The better reason is that Vyn shows where high-end locality becomes serious. It is not enough to have a garden. It is not enough to say "Skane" or "Scandinavian pantry." It is not enough to stage a former farm with a Baltic view. The restaurant's claim only becomes durable when each of those elements produces obligations: plan earlier, buy closer, share risk with producers, train cooks on whole animals, give staff a rhythm that can hold quality, and let guests feel the season without turning the season into a lecture.[1][2][3][4]
That is the hidden discipline behind the view. Vyn's name points outward, but the restaurant's strongest argument points inward, toward the systems that make a view edible. The fields matter because someone has to decide what they can supply. The sea matters because the coast has to enter the menu as more than scenery. The former farm matters because a dining room there should behave differently from one in a capital-city hotel. Locality, at this level, is not a claim of innocence. It is a chain of promises that has to be planned before it can be served.
Sources
- Vyn Restaurant, official site - restaurant, garden, hotel, food-and-wine bar, Atelier, former-farm setting, 18-acre landscape, and seasonal Scanian/Scandinavian sourcing frame.

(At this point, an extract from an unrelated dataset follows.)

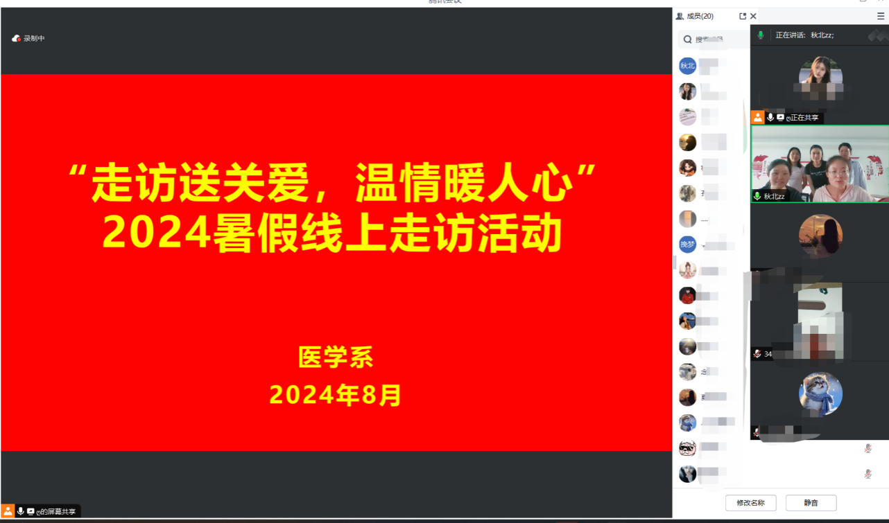 为深入了解家庭经济困难学生的学习与生活状况,促进家校共育有效衔接,提高资助育人水平,医药学院组织开展“走访送关爱,温情暖人心”暑期线上走访活动,团总支副书记林静秋、辅导员老师和30余名学生代表及家长参加。
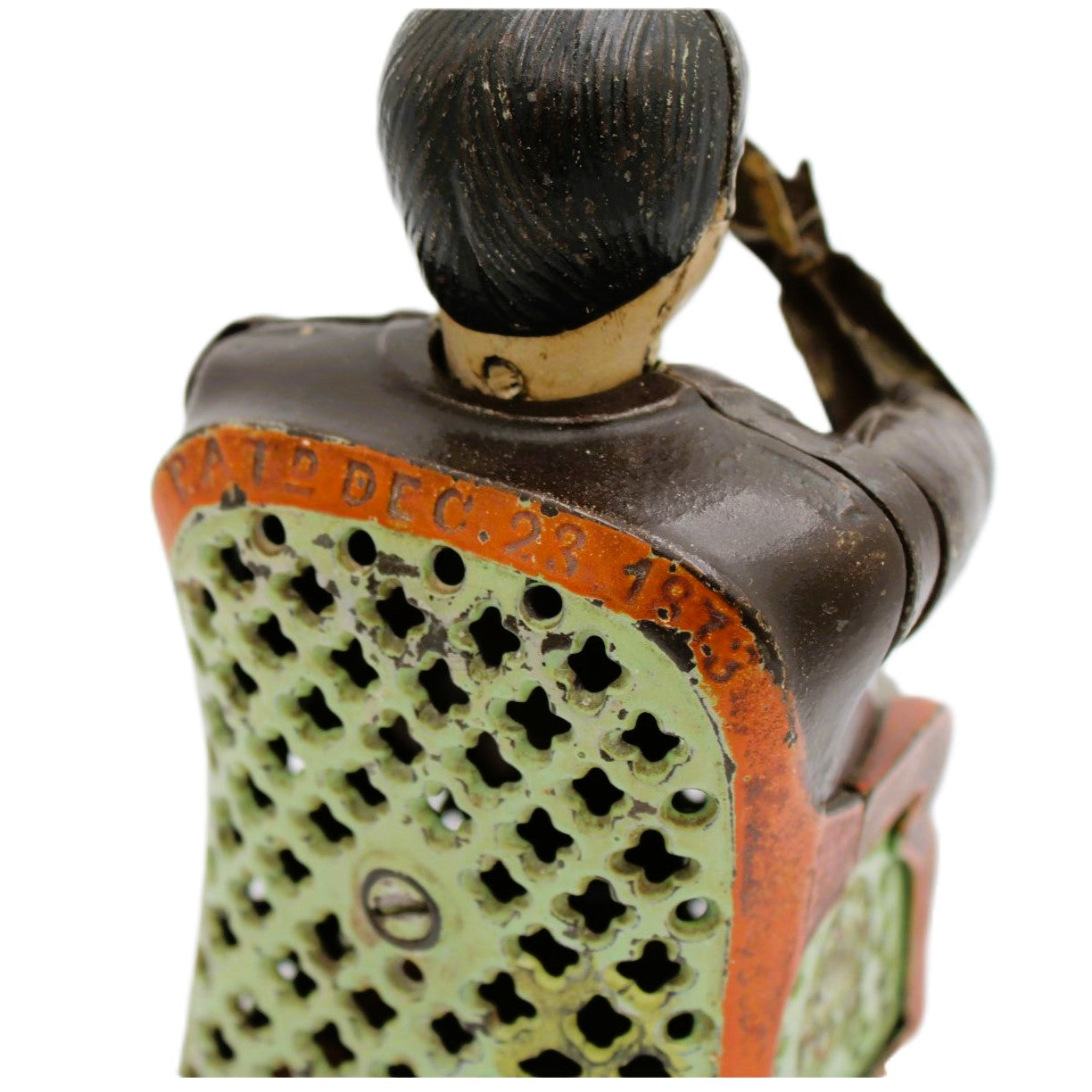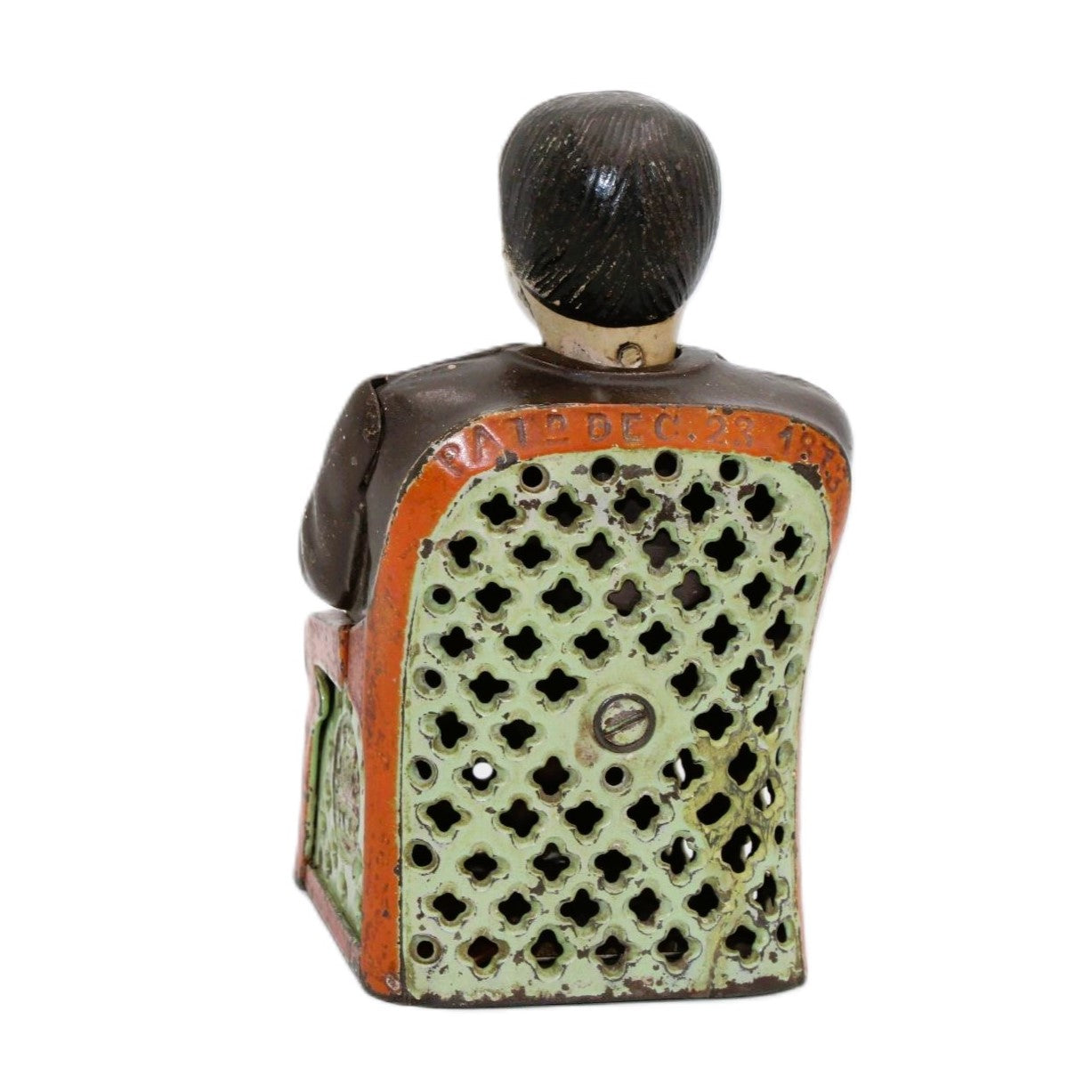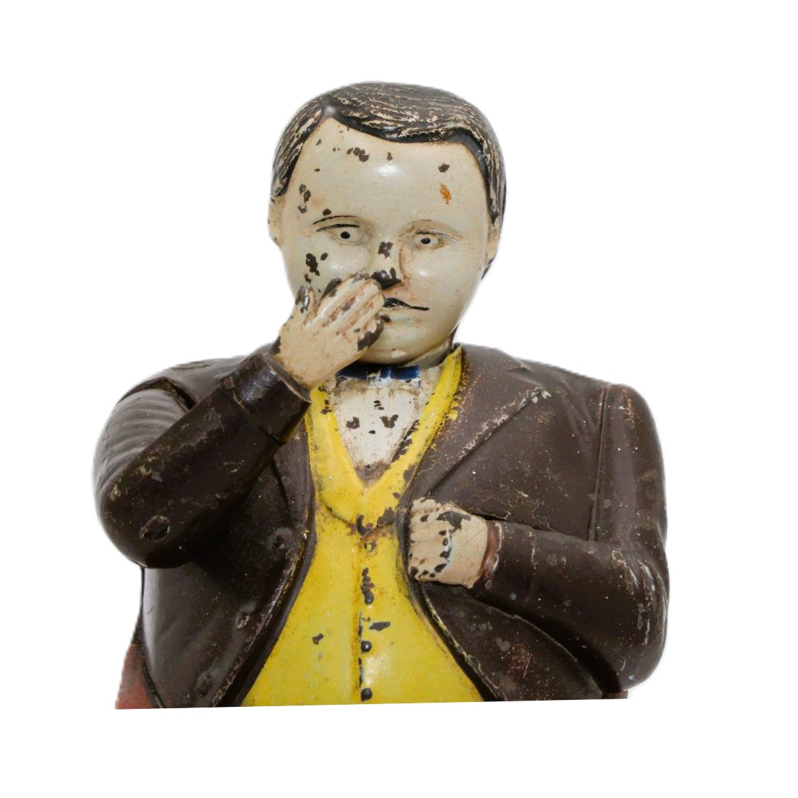 Tammany Hall was the seat of the powerful Democratic Party when the bank was manufactured by J. E. Stevens. Every time you place a coin in the hand of the sitting politician, he nods his head in appreciation as he deposits the coin into the slot. Tammany Hall became associated with corruption in the 1870’s. In 1873 John Hall patented a bank design that was called “The Little Fat Man Bank” and this bank was subsequently renamed the “Tammany Bank” by J. E. Stevens, the bank’s manufacturer.

- The World's 50 Best Restaurants, "Vyn" - 2025 No. 47 listing, Daniel Berlin context, Skane setting, roughly 16-course menu, nose-to-tail framing, and foraged/grown/hunted ingredient notes.
- 360 Eat Guide, "Daniel Berlin" - interview on Vyn's ingredient sourcing, avoiding foreign purchasing, producer planning, advance purchasing, whole animals, and staff work-life structure.
- Malin Norman, "Vyn Restaurant: Sublime culinary experience with a stunning backdrop," Scan Magazine - profile covering Vyn's opening, two-star recognition, local produce, game, seafood, on-site garden, farmers, foraging, hunting, seasonal menu, and destination formats.
- Nordiska Kok, "VYN Restaurant By Daniel Berlin" - design profile with Andrea Papini photography, opening date, former-farm location near Brantevik in Skane, Baltic-view setting, local-focus kitchen quote, and the photographic image source used here.